The pipeline has four parts, each of which provide different but related information on how in vitro systems match in vivo development.
- Transition mapping to a spatiotemporal atlas of human brain development: This method performs serialized differential expression between any two time points defined in the in vivo atlas (this is pre-calculated prior to your submission). Differential expression between the in vitro system you upload is also performed. Genes are ranked by their –log10(p-value) multiplied by the sign of effect to account for up-regulated or down-regulated genes. The similarity between in vitro and in vivo genes are compared using the rank rank hypergeometric overlap test (RRHO). This can be used to determine how well in vitro systems match in vivo, and the in vivo temporal transition which best reflects the in vitro transition. The actual time periods of development that correspond to the labeled periods are found in our paper and were originally defined in Table 1 of the in vivo atlas paper.
- Transition mapping to a laminar atlas of human brain transcriptomes: This method is similar to the above except that it uses a laminar atlas of human brain rather than a temporal atlas.

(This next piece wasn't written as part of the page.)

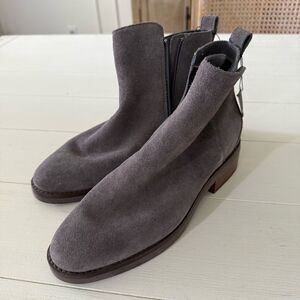 Cole Haan River Waterproof Suede Booties in Gray with Wood Heel 8.5 NWOB
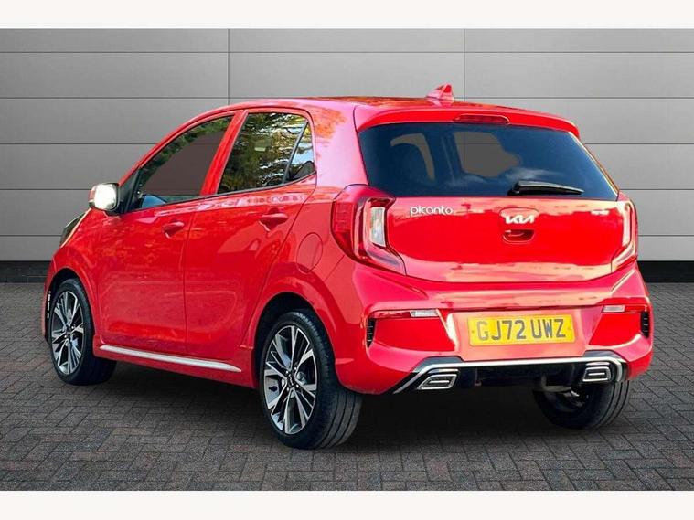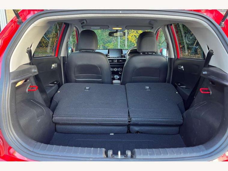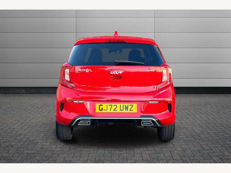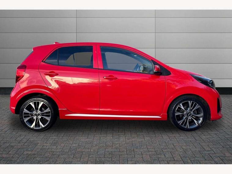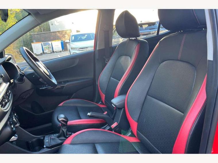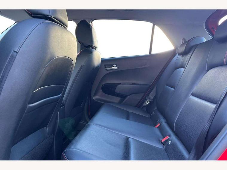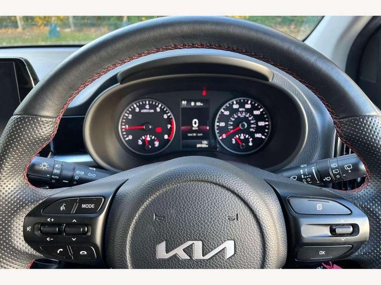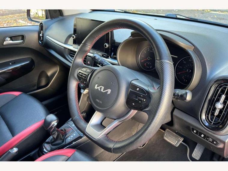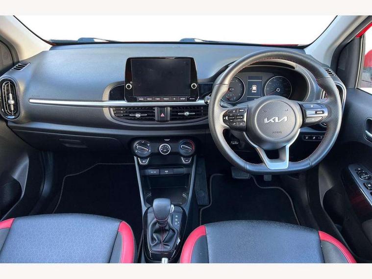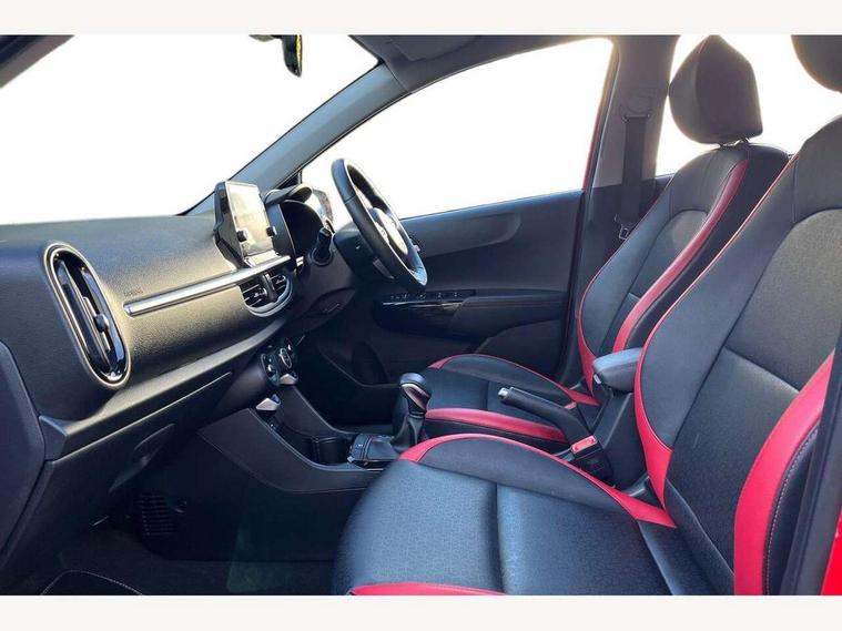 8" touchscreen display with RDS and DAB, Apple car play/Android Auto with voice control, Emergency call service, Emergency stop signalling system, External temperature gauge, Motor driven power steering, Reversing camera system with dynamic guidelines (Integrated into centre fascia screen), Tachometer, Trip computer, 6 speaker audio system, Bluetooth with music streaming, Steering wheel mounted controls, USB ports for connection of a media device, Automatic headlight control system, Bi-function projection headlights, Black beltline mouldings, Black grille with silver surround, Body colour B pillars, Body colour bumpers, Body colour mirrors and door handles, Body colour side sill mouldings, Day/night rear view mirror, Electric adjustable/heated/folding door mirrors with LED indicators lights, Front and rear electric windows with drivers's auto up/down function, Front fog lights, Headlamp levelling, Heated rear window, High mount brake light, LED daytime running lights, LED rear fog lights, Privacy glass - Rear windows and tailgate, Rain sensor, Rear side wing doors, Rear wash/wipe, Speed variable front wipers, Sports front and rear bumpers with gloss black skid plates twin exhaust, Tinted glass, Visible VIN plate, Welcome and follow-me home light functionality, 1 x rear coat hook, 12V power point front, 2 seat bench in 2nd row, 3 x passenger assist grips, 60/40 split/folding 2nd row of seats, All round height adjustable headrests, Black and red accents front door armrest, Centre Console with Storage Box and Sliding Armrest, Cupholders in centre console, D-cut steering wheel with red stitching, Driver and front passenger sunvisor with vanity mirror, Driver seat height adjust, Faux leather upholstery, Front cabin lights, Glovebox, High gloss lower centre fascia trim, door armrest and air vents, ISOFIX Child seat top tethers and anchor fixings, Leather trimmed steering wheel and gearshift, Luggage area light, Luggage area parcel shelf, Manual air conditioning, Passenger front seatback pockets, Satin chrome interior door handles, Single front passenger seat, Slide/reclining front seats, Tilt adjustable steering wheel, Advanced Driver Assistance Pack - Picanto, 2 x 3-point rear seatbelts, ABS/EBD, Automatic unlocking of doors in case of impact, Dual front airbags, ESC + BAS + VSM + HAC, Front passenger airbag cut-off switch, Front seatbelt height adjusters, Front seatbelt pretensioners + load limiters, Hill hold control, Knee airbags, Rear child proof door locks, Seatbelt warning, Side impact protection, Torque vectoring brake based and straight line stability (SLS), Traction control, Twin curtain airbags, Twin front side airbags, Tyre pressure monitoring system, Anti theft alarm, Engine immobiliser, Folding key, Locking wheel nuts, Remote central door locking, 16" alloy GT-Line wheels, Tyre mobility kit,

- Individual sample prediction of regional and temporal identity through the machine learning framework called CoNTExT: This method use a multi label multi class machine learning algorithm to predict at the individual sample level what the temporal and spatial identity of each sample is. All samples, even if they are not brain, will match to some brain region and temporal identity. You should use caution when interpreting any low matching samples. For a quantification of how much to trust CoNTExT based on transition mapping, see Figure S4 from our paper.
- Preservation of modules defined in a spatiotemporal atlas of human brain development: This method looks at how well preserved in vivo network architecture is within an in vitro system that you upload. This uses module preservation. Interpretation of the different modules is found in Table 1 and Figure 5 of the manuscript.

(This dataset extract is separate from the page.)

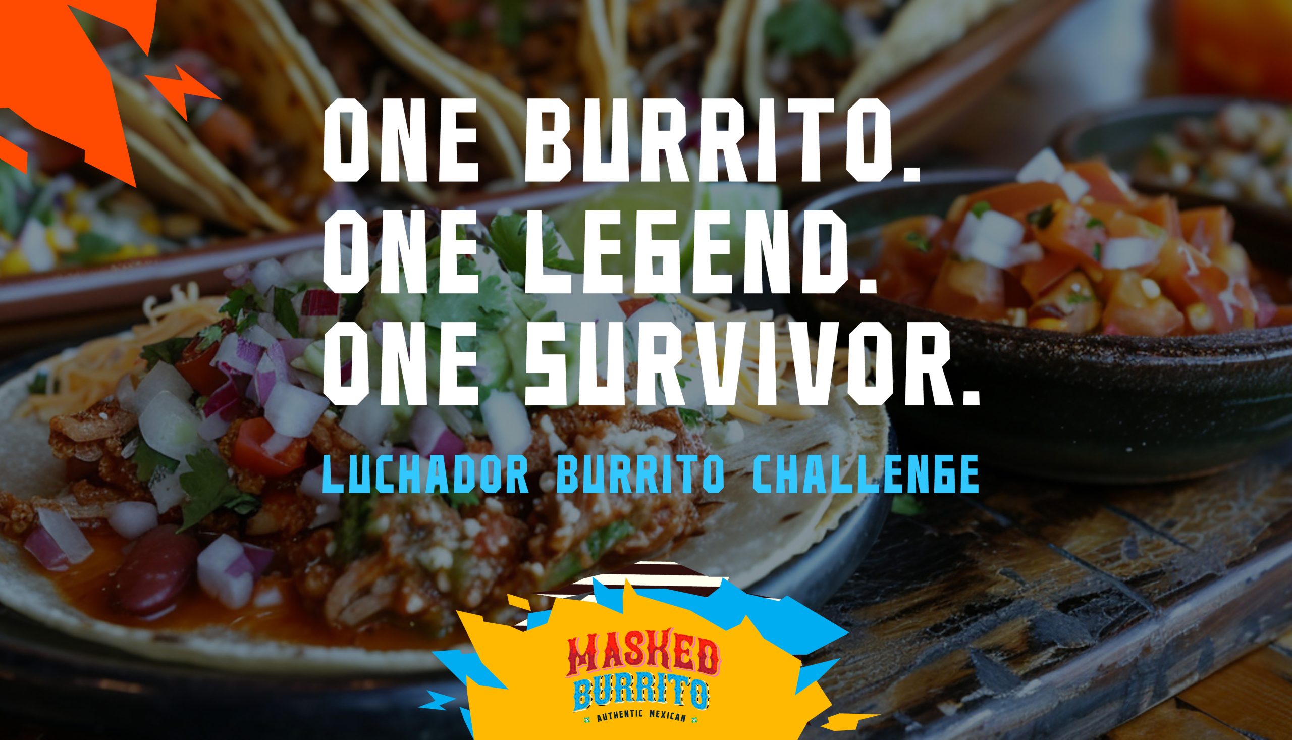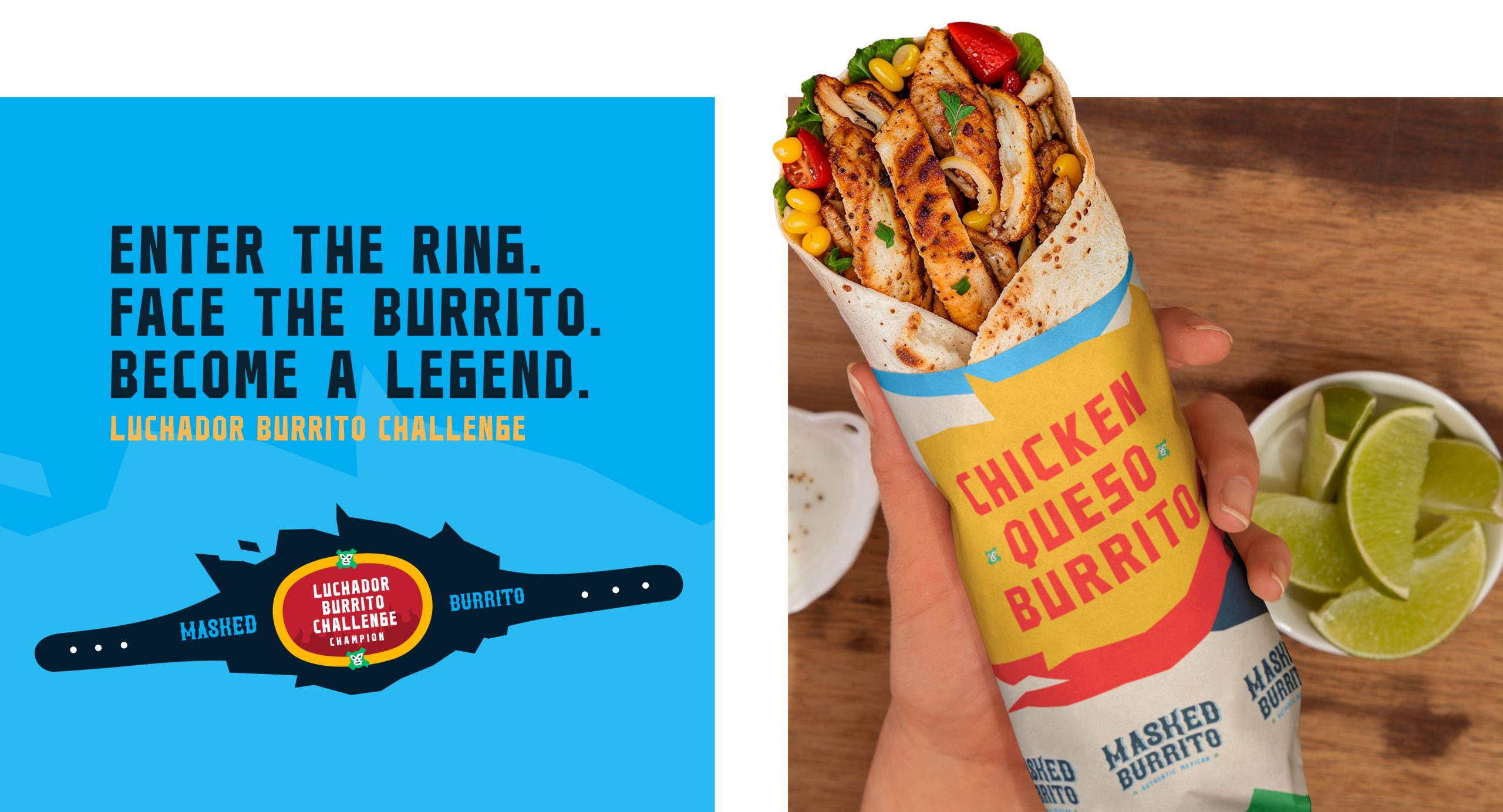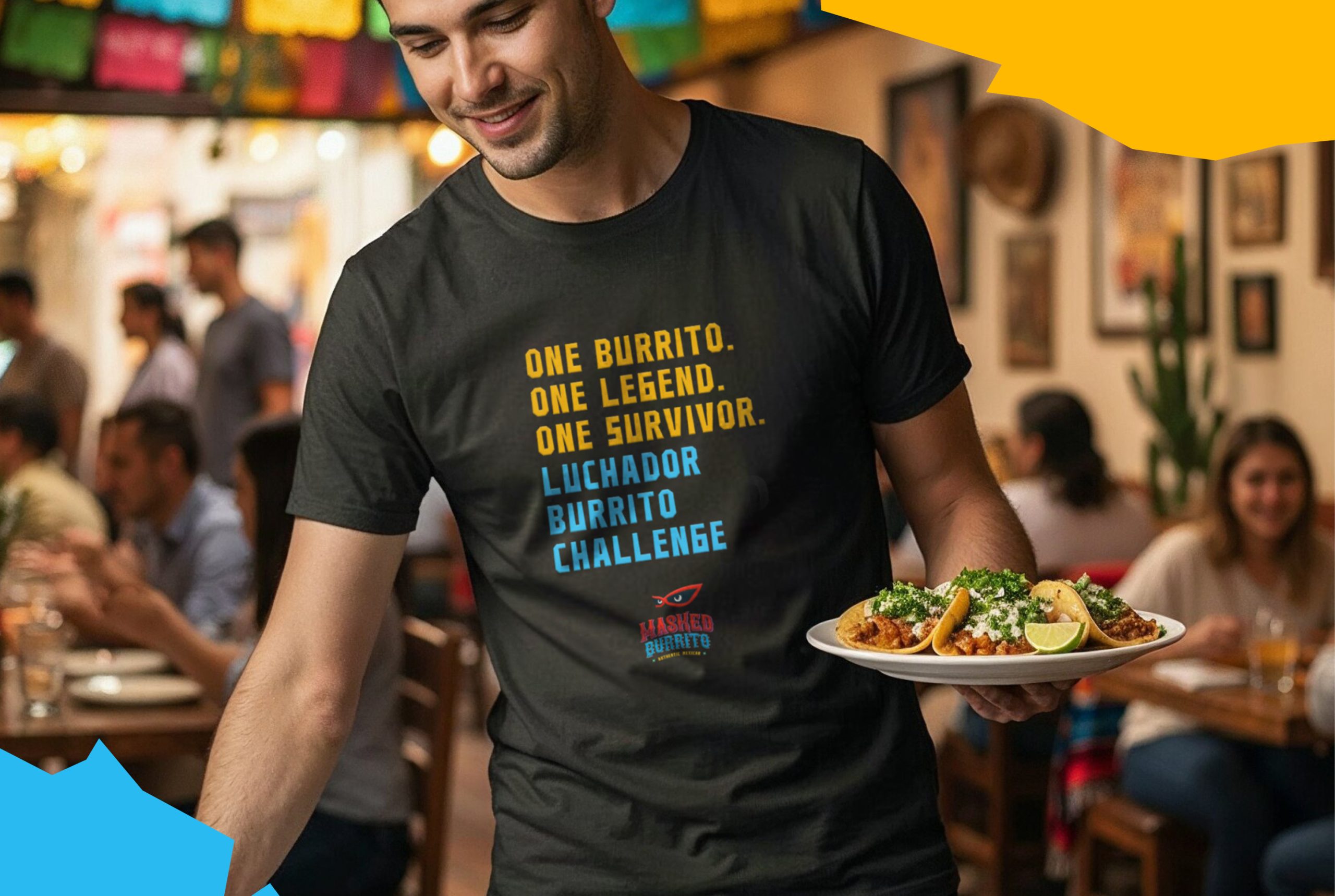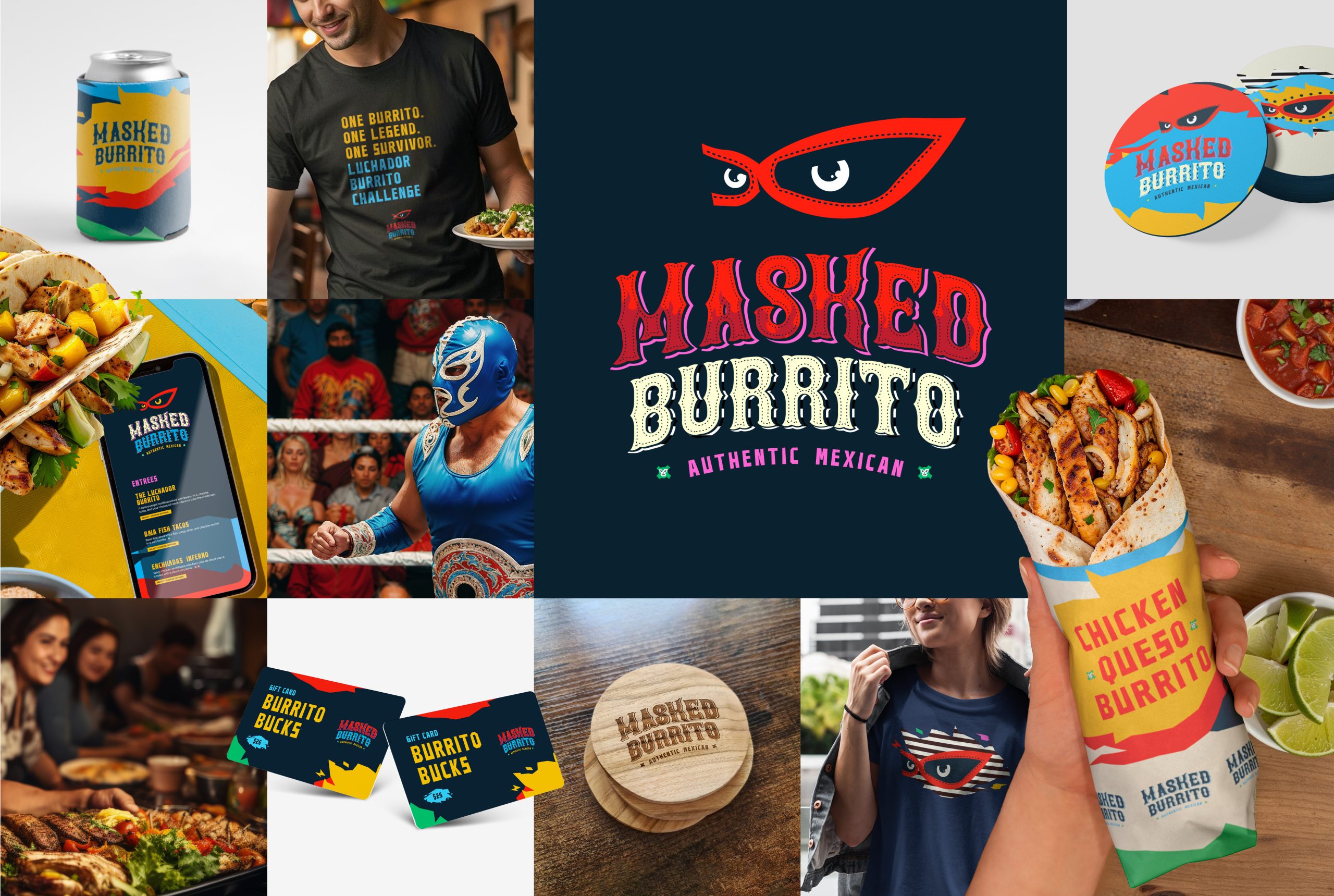 Bright, vibrant colors draw inspiration from traditional lucha libre masks and festive Mexican palettes, building an atmosphere that’s both welcoming and distinctive. A marquee-style logo spotlights the restaurant’s signature event—the Luchador Burrito Challenge—while the branding extends seamlessly across menus, signage, and marketing collateral.

All four parts of the framework are complementary, but provide different information. Transition mapping provides a global look at transcriptomic matching between an in vitro system and in vivo development. It is mainly driven by differentiation, as evidenced by the GO ontologies of highest overlapping point. Although the input data to transition mapping is from cortex, the processes of synaptogenesis, neurogenesis and cell division are not specific to cortex so transition mapping should not be considered a regional identity tool. Using human in vivo cerebellar or striatal data as input to transition mapping, for example, still shows a high degree of in vitro matching with the cortical phNPCs. CoNTExT is a useful framework for individual sample prediction of temporal and regional identity. One strong caveat to its use is that the algorithm must classify a sample into one of the defined regions or time periods, even if it matches none of them (for example lung tissue). As such, its use should be based on a level of in vivo matching we define by simulation in Figure S4 of the paper. That said, CoNTExT is an incredibly powerful classification system that will allow regional and temporal identification at the individual sample level. Finally, though CoNTExT and transition mapping are good global evaluations they do not indicate the specific molecular pathways that are similar or different from in vivo development. Module preservation is a well-validated system to determine the specific functional processes that are preserved in vitro. For those processes not conserved, modifying the expression of key hub genes in the process through exogenous factors like small molecules or endogenous factors like gene expression may allow better in vivo modeling.